A message from Rob Gannon, General Manager of King County Metro
Metro’s RapidRide lines are our premium service, delivering frequent and affordable high-capacity transit on six major corridors. RapidRide serves one of every six transit riders in King County, and we are preparing to expand the RapidRide network to more communities.
RapidRide allows riders to pay their fares at an ORCA reader before getting on the bus, and to use all doors when boarding. This enables passengers to get on and off quickly, and helps keep buses on schedule. To encourage valid fare payment, fare enforcement officers board RapidRide buses and validate customers’ proof of payment. These officers have the authority to issue a verbal warning for a first offense, a $124 infraction for a second offense, or a misdemeanor citation referral to Metro Transit Police after a third offense.
The King County Auditor’s Office recently reviewed this fare enforcement program, and found several ways that it should be improved. The audit found that Metro lacks clear standards for measuring the effectiveness of fare enforcement. It also found that we need to collect better data to determine if we are achieving our goals, or are creating inequitable outcomes for some riders. The audit points out that nearly 30 percent of misdemeanor citations between 2015 and 2017 were issued to riders experiencing homelessness or housing instability.
We fully welcome the auditors’ guidance to improve our fare enforcement program. The program needs to encourage fare payment while also including options that work for people with little or no money. We are preparing to implement the audit’s recommendations, and have already made changes to address concerns about equity that we identified in our internal review:
- Metro temporarily stopped referring misdemeanor cases of fare evasion to the Metro Transit Police. This pause gives us time to consider alternatives to this process, which has resulted in only a small percentage of court-issued penalties being paid.

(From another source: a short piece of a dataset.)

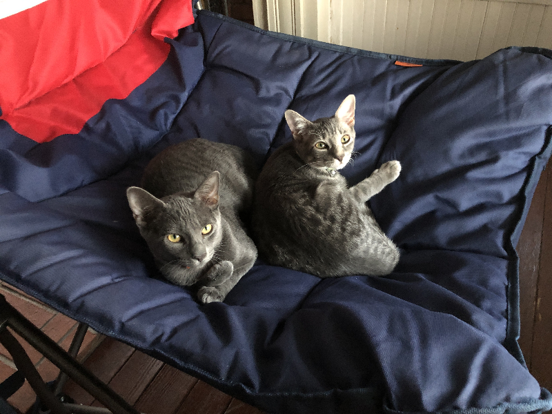 Here’s a picture of my cats too. They like watching me from the window sill in the cool house while I’m outside working. I setup this chair to watch my grill on the porch from inside, but they claimed the spot once I got up to flip the patties.

- Juveniles without proof of payment are now given one additional verbal warning before they are issued a citation. This builds on our prior policy change that made non-payment of bus fares by juveniles a civil infraction rather than a misdemeanor. We want to avoid creating barriers for youth to get to school, work, or other opportunities.

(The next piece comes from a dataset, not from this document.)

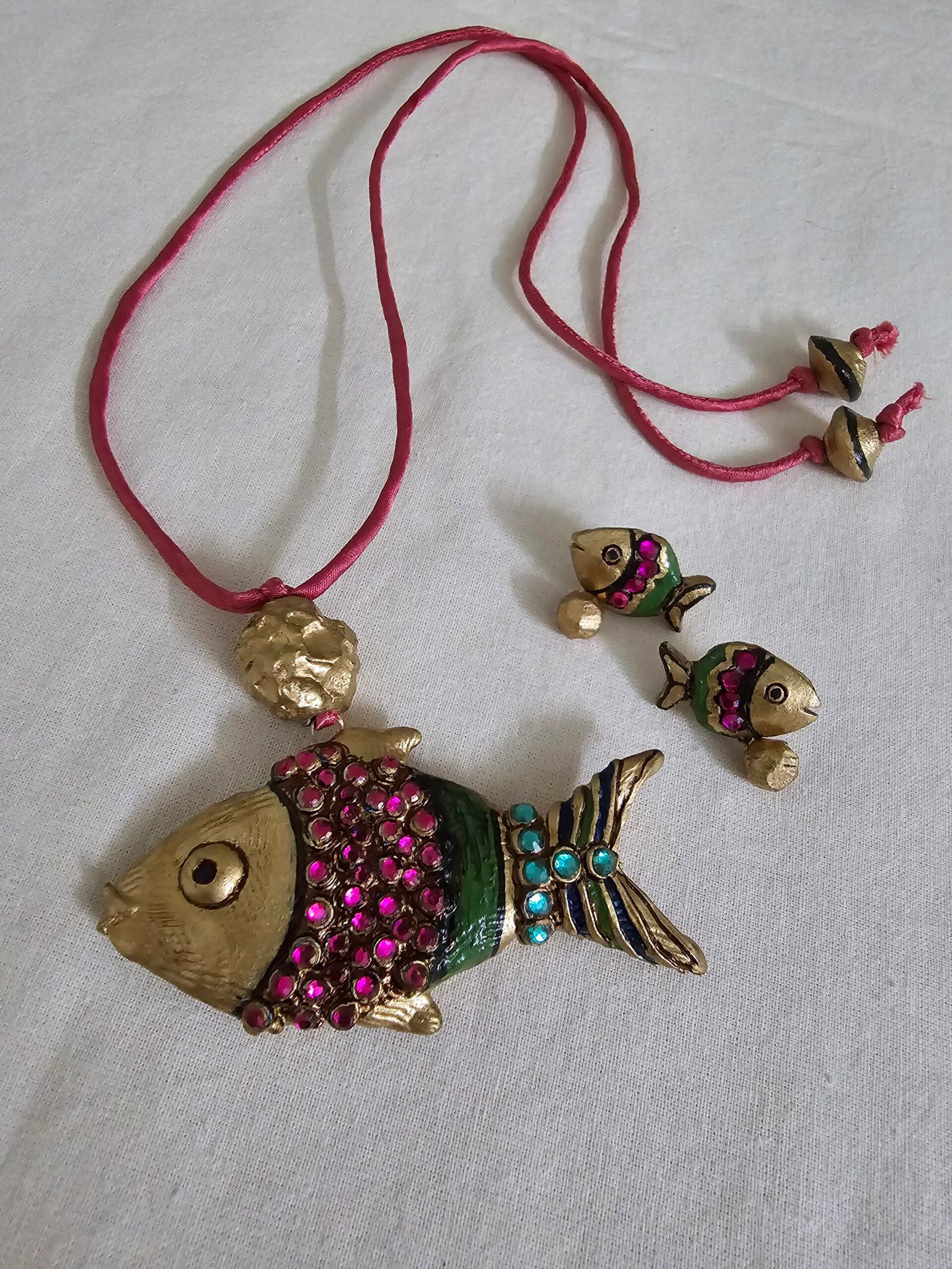 Distinct craftsmanship and class, Prestige terracotta necklace set with bold craftsmanship.

- We are providing more oversight and improved training for fare enforcement officers. We have hired a quality assurance supervisor to address some of the auditor’s concerns. We also are reviewing our training related to equitable enforcement, and are starting new training about interacting with youth.
Our next step is to implement the audit’s recommendations. We look forward to working with stakeholders to find solutions that strike the right balance between our interests in collecting fares and in promoting safety and equity. Metro is required by law to collect fares, which cover nearly a third of our operating costs, and we are also committed to providing affordable and equitable access to transit. We know that public transportation is essential for people to reach economic, health, and educational opportunities in our region. That’s why we started our ORCA LIFT program, which offers a $1.50 fare to low-income riders.
We are also committed to eliminating any institutional barriers that hinder us from serving our core mission, or that perpetuate or reinforce historical inequities.
This summer, we will convene stakeholder groups that include bus drivers, customers, social service agencies and their clients, and others, to discuss potential options and develop recommendations by fall. Together, we will:
- Explore ways to encourage fare payment that do not needlessly penalize those who can least afford it.
- Collect better data to measure our performance, identify unintended consequences, and ensure that enforcement is not disproportionately affecting people experiencing homelessness or facing obstacles to mobility. We will conduct a fare evasion study in the coming months.
- Consider how new technologies might support alternative options for holding people accountable to pay their fares. This is even more important as Metro plans to add another 13 RapidRide lines by 2025.
You have my pledge that we will continue to promote a transit environment where all customers feel safe and welcome onboard our buses. Moving people and connecting communities is at the heart of what we do, and we continue looking for ways to do it even better.